A couple posts ago as I told you about about the research I am doing on a waste water stream in Hubli, Karnataka, and we started to think about the idea of pee-pee and poo-poo as an important resource rather than something not to be thought on or digust, um, discussed. Pursuant to this research, I attended a short course in Delhi called City Water and Decentralized Wastewater
Management: Alternative Paradigms, which in this context means Urban Poo And What To Do With It. It was given by the Water Team of the environmental research and education organization, the Centre for Science and Environment (CSE). About half of the course was spent in the classroom learning about the challenge to India’s cities and new as well as ancient methods of decentralized waste management, the other half was spent on field trips. Let’s start there.
Museum of Toilets
Sulabh International Social Service Organization is an Indian NGO based on Ghandian principles that promotes new sanitation technology to protect the environment and uplift the country’s many scavengers. They have provided millions of sustainable and sanitary toilet facilities across India. Sulabh cannot afford to be prudish when it comes to human waste in their ongoing crusade to deal with it, and nor can we. As part of their campaign to remind people of what they try to forget, they established arguably the world’s only toilet museum at their headquarters in Delhi.
At the toilet museum we learned that the basic technology goes back much further than most think, and like all that is good in the world, may have actually originated in India. The very charismatic and hilarous guide took us through this history of civilization illustrated with photos, ancient etchings and many toilets, where we learned that the darkest moment in this history of civilization may have been the introduction of the water closet, or the toilet as you probably know it. You may not know it from the dominance of the john that toilet technology has been progressing even if it has left most of us with means behind.
Outside the museum we
were shown a number of models of the twin-pit toilets that Sulabh is promoting and the many uses of the by-products, such as fertilizer and irrigation, biogas and fart-powered lamps.
Cruise on the Yamuna River

One of the pet projects of the CSE is addressing the crisis in their own Delhi backyard, the transformation of the Yamuna, one of India’s holiest rivers – into a sewage canal. Somehow after years of discussion and millions of spending the river remains without a hope.The river is now totally inhospitable to any life, dead, which is a bad thing. The plants and animals that are basic to healthy rivers are part of its resilience and natural ability to process sewage.
The CSE proposes a paradigm other than the expensive imported technology of sewage treatment plants that cannot possibly answer to India’s
needs. This paradigm is based on decentralizing sewage treatment and looking at sewage as a resource rather than unholy stuff that has to be flushed away with copious amounts of drinking water.
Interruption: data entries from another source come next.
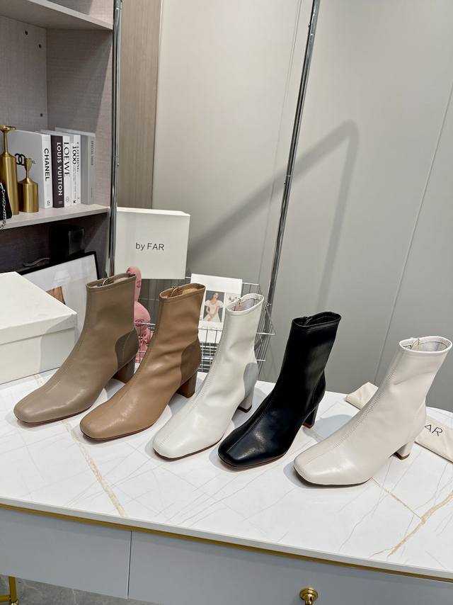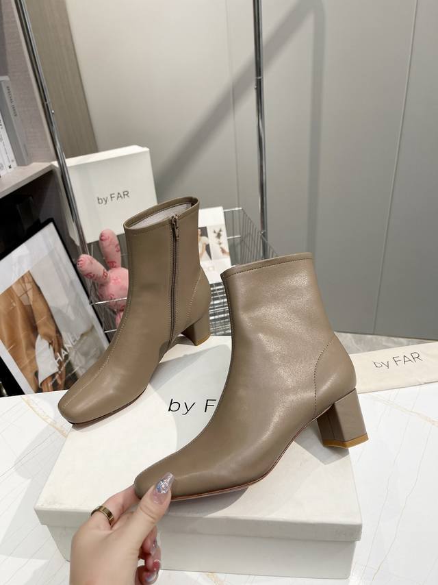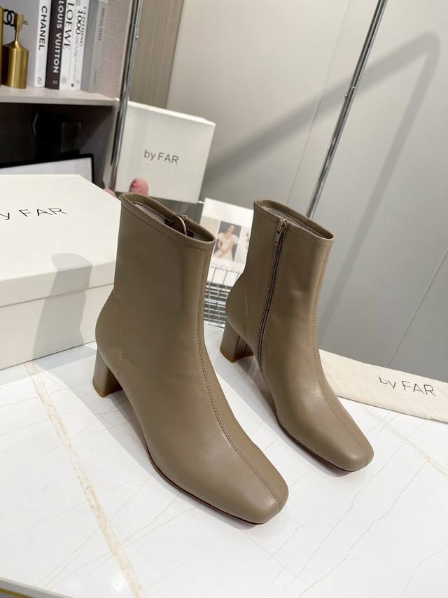 Factory direct women's shoes and sportswear original single By Far ankle boots. Classic and versatile boots. By Far shoes, a new shoe brand from Bulgaria, are characterized by their simple yet unique toe design. They are very stylish and the simple, smooth lines flatter the foot shape for greater comfort. Girls who don't often wear high heels should definitely try them out! Satisfaction guaranteed! Even the most active women can wear them comfortably without getting tired feet! The upper is made of imported environmentally friendly cowhide, and the lining is made of full sheepskin for extra softness. The insole is also made of sheepskin. Features a two-tone genuine leather outsole and a 5.0cm heel. Sizes: 34-41 (true to size). Sizes 34, 40, and 41 are custom-made. For those with wide feet or high insteps, it is recommended to go up one size. Original box packaging!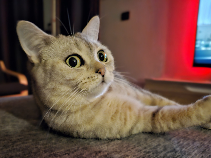 Был обычный вечер, Лира мирно дремала на своём любимом кресле, когда вдруг её разбудил странный шум. Из кухни доносилось шуршание и бормотание, как будто происходило что-то необычное. Лира потянулась, лениво зевнула и, ведомая любопытством, направилась на звук. Когда она вошла на кухню, её глаза мгновенно расширились. Ведь на кухне её ждало нечто необычное — на столе лежал большой марлин. Этот морской обитатель был больше чем сама Лира и, надо признаться, выглядел не так, как ей хотелось бы видеть свой ужин. Однако, этот гигант всё же не смог оставить её равнодушной. Поэтому набравшись немного смелости она решила подойти поближе. Лира сначала запрыгнула на стол и замерла. Затем, убедившись, что рыба не собирается нападать, набралась смелости, подошла поближе рассмотреть её. Она долго разглядывала марлина, пытаясь понять, с какой стороны подступиться к такой огромной рыбе. Наконец, Лира аккуратно протянула лапку и коснулась марлина. Рыба не отреагировала, и Лира решила рискнуть. Она ост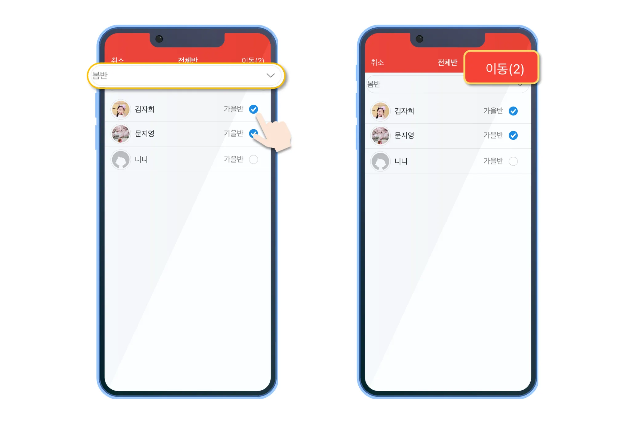 원아가 가을반에서 봄반으로 이동할 때에는 반 이동 시키기를 선택해주세요.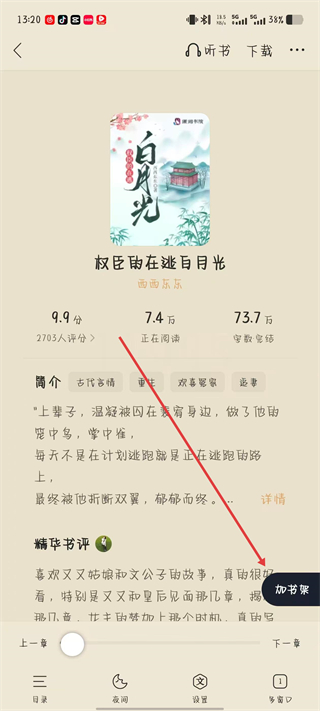 3、在小說閱讀頁面,點擊屏幕右側(cè)的加書架按鈕。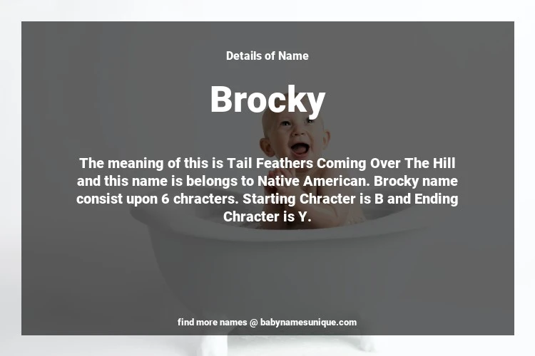 The name Brocky is chosen by those who are willing to find Unique Transgenders Baby Names. The meaning of this is Tail Feathers Coming Over The Hill and this name is belongs to Native American Origin. Baby Name Brocky consist upon 6 chracters. Starting alphabet is B and ending alphabet is Y. This name is used primarily by parents who are considering unique baby names for Transgenders. The Zodiac Sign suitbale for this name are;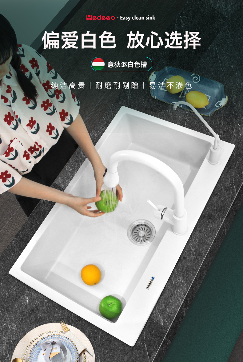 Yiddiou 석영 돌 싱크대 대형 싱글 싱크 화강암 주방 싱크 언더 카운터 싱크 싱크 화이트 7076

Here the extremes of wealth and poverty take the form of planners and engineers bending over backwards to ensure the flow of water in and out of wealthy
nieghbourhoods while the poor downstream face a drinking water deficit and waste water surplus. This is what Anil Agarwal, the founder of the CSE called the Political Economy of Defication.
Along with those two field trips we were taken to a mega western-style sewage treatment plant, and some local colleges and institutes that have taken their sewage into their own hands with on-site
treatment plants. Through this, time spent in the CSE’s uber-green head offices, and the pesentation and practicals in the classroom and we were exposed to a wealth of new options.
Through separation of grey, brown and yellow water for different processing and reuse (flushing; fertilizer and energy; and irrigation respectivley) along with collection of rainwater, many residences and organizations have taken themselves off the water grid while replenshing thier groundwater supply. It’s an ‘I have a dream’ sort of thing.